The Current Structure and Operation of the European Union

The EU’s Role under the Lisbon Treaty:

Lisbon Treaty of 2009 is comprised of: Treaty on European Union (TEU), which sets out principles on how EU is
based/institutions that form it, and the Treaty on the Functioning of the European Union (TFEU), which
enumerates the competences enjoyed by these institutions. Lisbon Treaty reorganised its institutions to enable
it to effectively implement its powers after 20 years of expansion. Article 1 of TEU states ‘an ever-close union
among the peoples of Europe’ are the EU’s core aim. Thus, post-EEC’s common economic marketplace, and
since the Maastricht Treaty 1992, the EU has extended into other areas of life, with Article 2 TEU stating, the
Union if founded on ‘respect for human dignity, the rule of law and respect for human rights, including the
rights of persons belonging to minorities’. The original European Project seems anachronistic, as an integration
into complex EU institutions-web has occurred.

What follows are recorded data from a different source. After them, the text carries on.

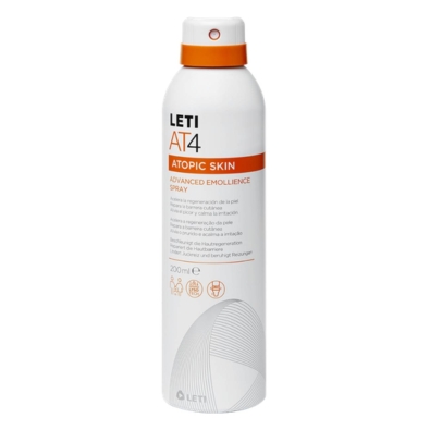 Ideal para pele sensível, irritada ou propensa a prurido, Leti AT4 Advanced Emollience Spray regenera, restaura a barreira cutânea e acalma irritações, deixando a pele confortável, suave e protegida.
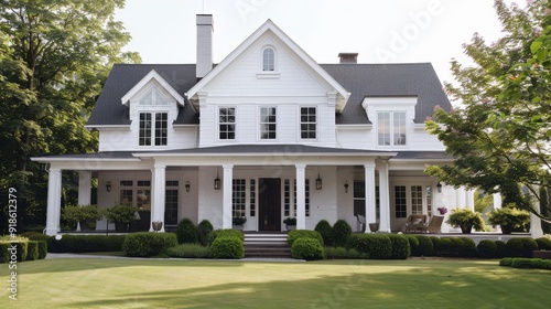 Modern Suburban Dream Home Stylish White House with Gabled Roof Front Porch and Lush Landscaping Ideal for Peaceful Living
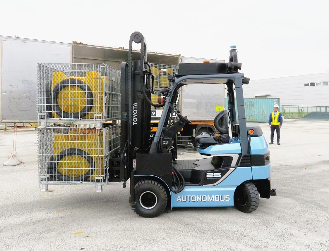 豊田自動織機は8日、自動運転フォークリフトを愛知県半田市にある同社施設で公開した。まず、労働力不足が深刻な農業での実用化を目指し、来年から実証実験に入る=写真。 同社は1970年代から自動運転フォークリフトの開発をはじめ、17年には構内作...
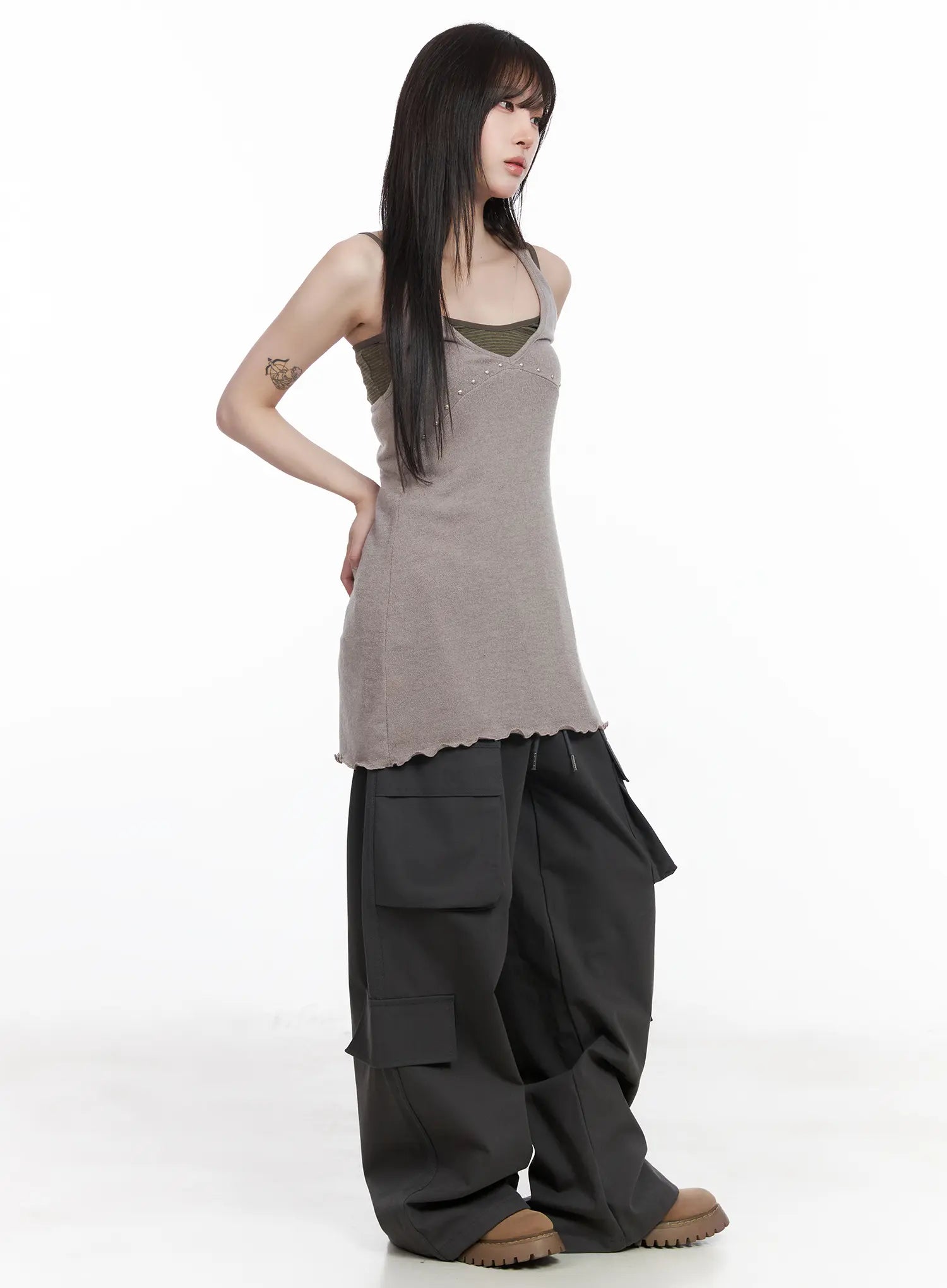Model is wearing size S/M and the color Beige.
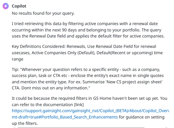 As example, right now I have a filter applied for the renewal date = date next year, so when I ask for my upcoming renewals, even though there is one account active and due at the end of the month, Copilot says that there isn't any:
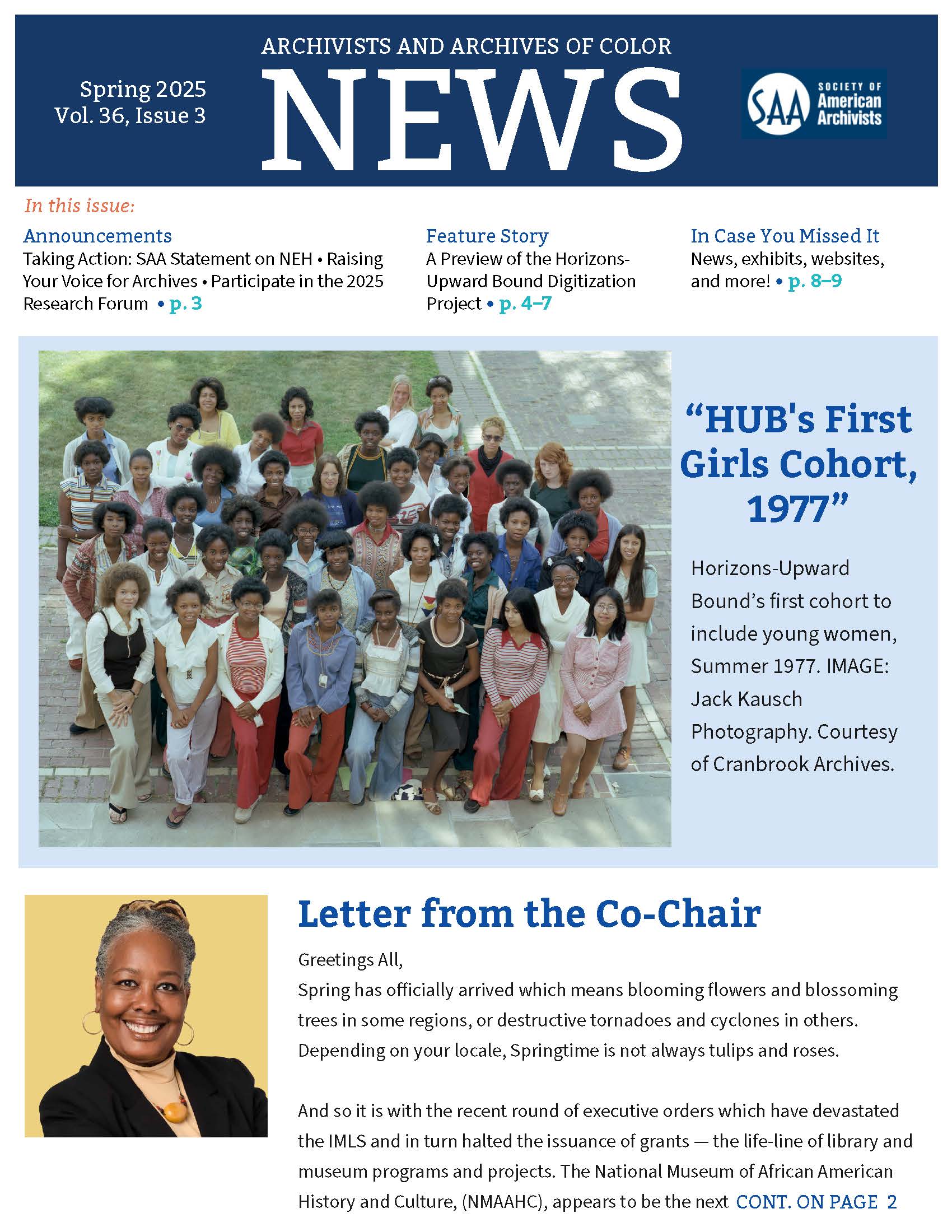 Letter from the Co-Chair: Tamera Coleman Announcements: Taking Action: SAA Statement on NEH • Raising Your Voice for Archives • Participate in the 2025 Research Forum; Feature Story: A Preview of the Horizons-Upward Bound Digitization Project; In Case You Missed It; We Want to Hear from You! Contribute to the AAC Newsletter; Your 2024-2025 AAC Steering Committee |
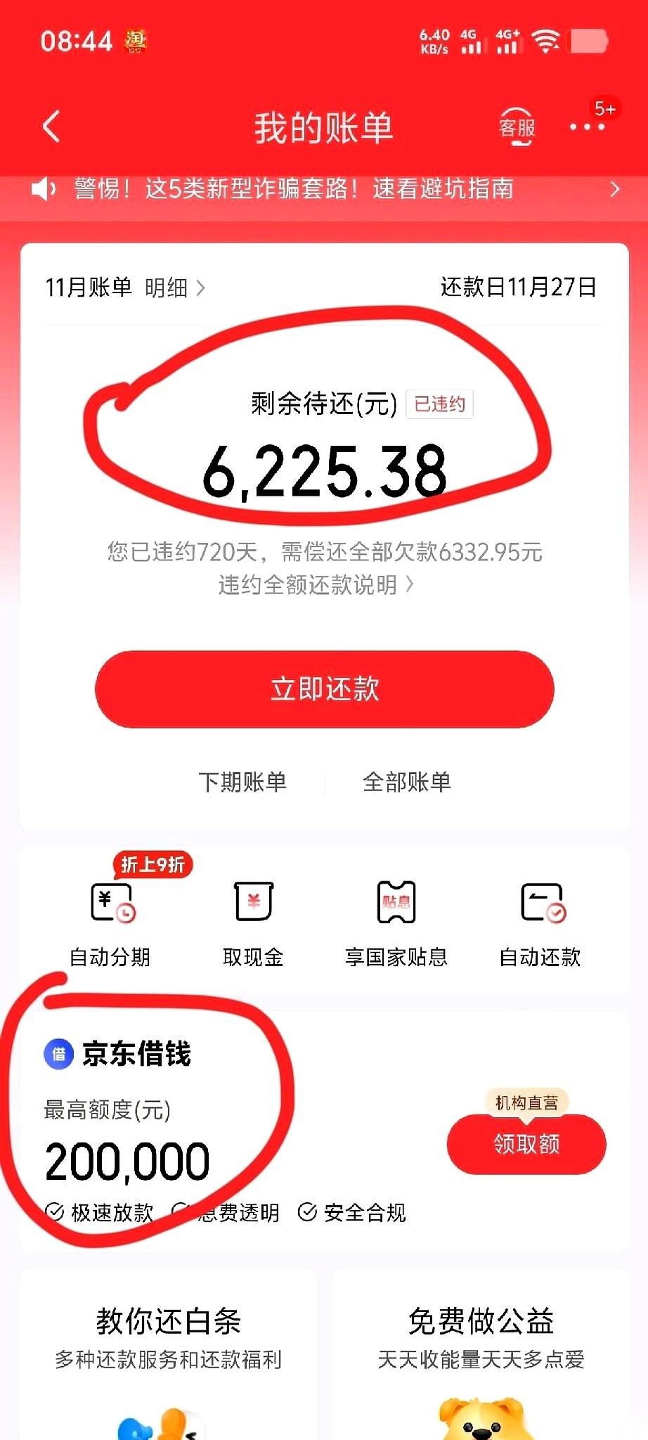 我勒个去,一睁眼,发现自己成了“老赖”。 欠了6332块,还TMD违约了720天
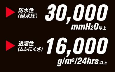 耐水圧30,000mmH₂O・透湿度16,000g/m² /24hrs
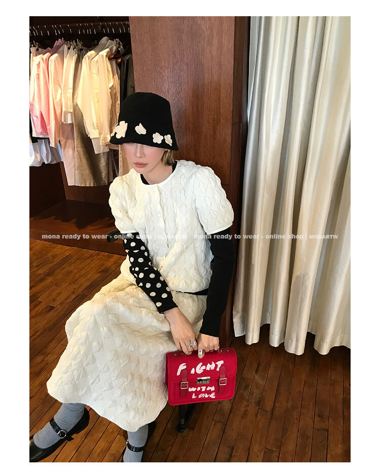 短袖立體直身袖型,輪廓拿捏的剛剛好,造型感十 足
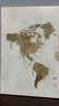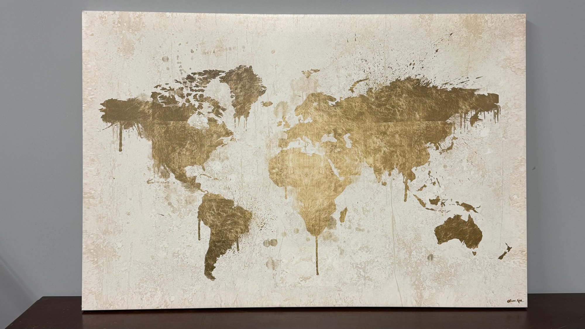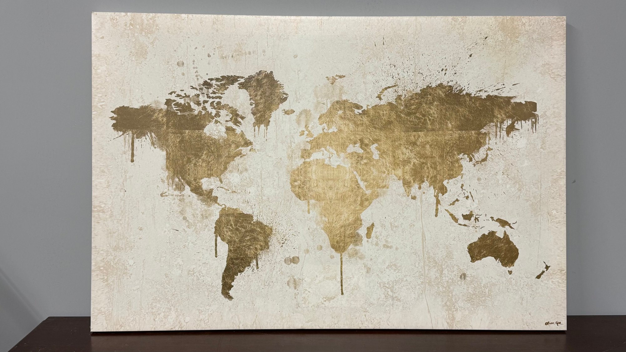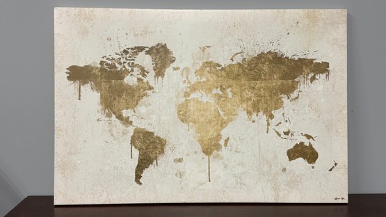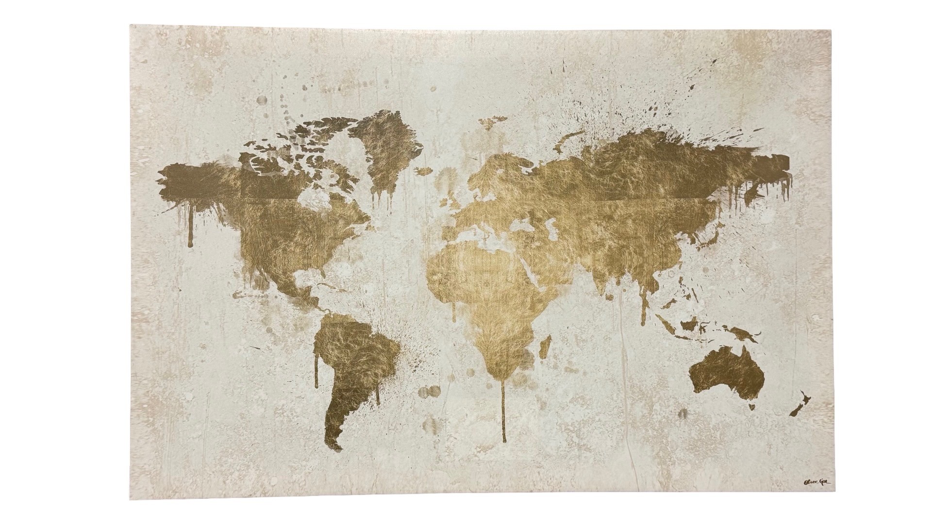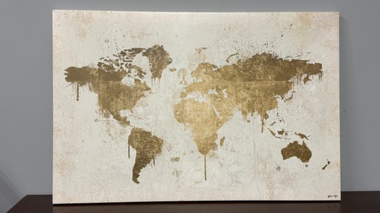 Art piece is titled "Mapamundi White Gold" and is part of the Maps and Flags Wall Art collection from The Oliver Gal Artist Co.. It is a modern-style world map designed with a metallic gold drip effect on a cream-white background, often printed on gallery-wrapped canvas.

European Union Institutions:

Article 12 TEU outlines 7 EU institutions: The European Council, The Council of the European Union, The
European Parliament, The European Commission, The Court of Justice of the European Union, The European
Central Bank, and The Court of Auditors.

(1) The European Council:

Its key roles are strategic control of the European Union (Article 15(1) TEU) and appointment of key EU
Officials (Article 15(5) and Article 17(7). The President of the European Council has the administrative position
of chairing the meeting every 6 months, and strategically setting the agenda.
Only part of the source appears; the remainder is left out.